That's it! The important part is that we have a consistent object (`State`) that's passed around, holding the crucial information as we go from one node to the next. This ensures our application has a single source of truth about what has happened so far and what is happening now.



In [3]:
from langgraph.graph import START, StateGraph
from typing_extensions import TypedDict
from langchain_core.documents import Document

class State(TypedDict):
  question: str
  context: list[Document]
  response: str

Now that we have state, and we have tools, and we have an LLM - we can finally start making our graph!
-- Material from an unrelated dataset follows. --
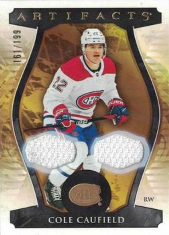 The Cole Caufield 2023 Upper Deck Artifacts #133 Material - Gold /199 card is 1 of 32 Cole Caufield's card variations in the 2023 Upper Deck Artifacts set being tracked by Sports Card Investor, including Base /999, Leather, Plexi, Turquoise, and Wood.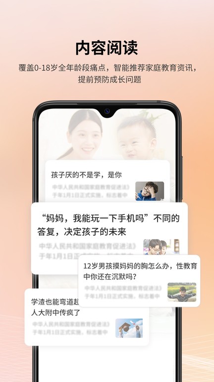 根据儿童具体年龄阶段及关注点偏好,展示贴合家长人群个性化精准诉求的家庭教育相关内容,包括时事热点资讯解读、同龄痛点问题解决、成长问题预防预警及可无限下拉阅读的信息流等内容,内容形式有长短图文、视频等多种展现形式。阅读版块的背后是一套7AM父母APP针对家庭教育及青少年儿童健康成长问题归纳的完备知识内容库体系,用户可通过标签及搜索系统,进行相关内容查找阅读。

Let's take a second to refresh ourselves about what a graph is in this context.

Graphs, also called networks in some circles, are a collection of connected objects.

The objects in question are typically called nodes, or vertices, and the connections are called edges.

Let's look at a simple graph.

![image](https://i.imgur.com/2NFLnIc.png)

Here, we're using the coloured circles to represent the nodes and the yellow lines to represent the edges. In this case, we're looking at a fully connected graph - where each node is connected by an edge to each other node.

If we were to think about nodes in the context of LangGraph - we would think of a function, or an LCEL Runnable.

If we were to think about edges in the context of LangGraph - we might think of them as "paths to take" or "where to pass our state object next".  

### Building Nodes

We're going to need two nodes:

A node for retrieval, and a node for generation.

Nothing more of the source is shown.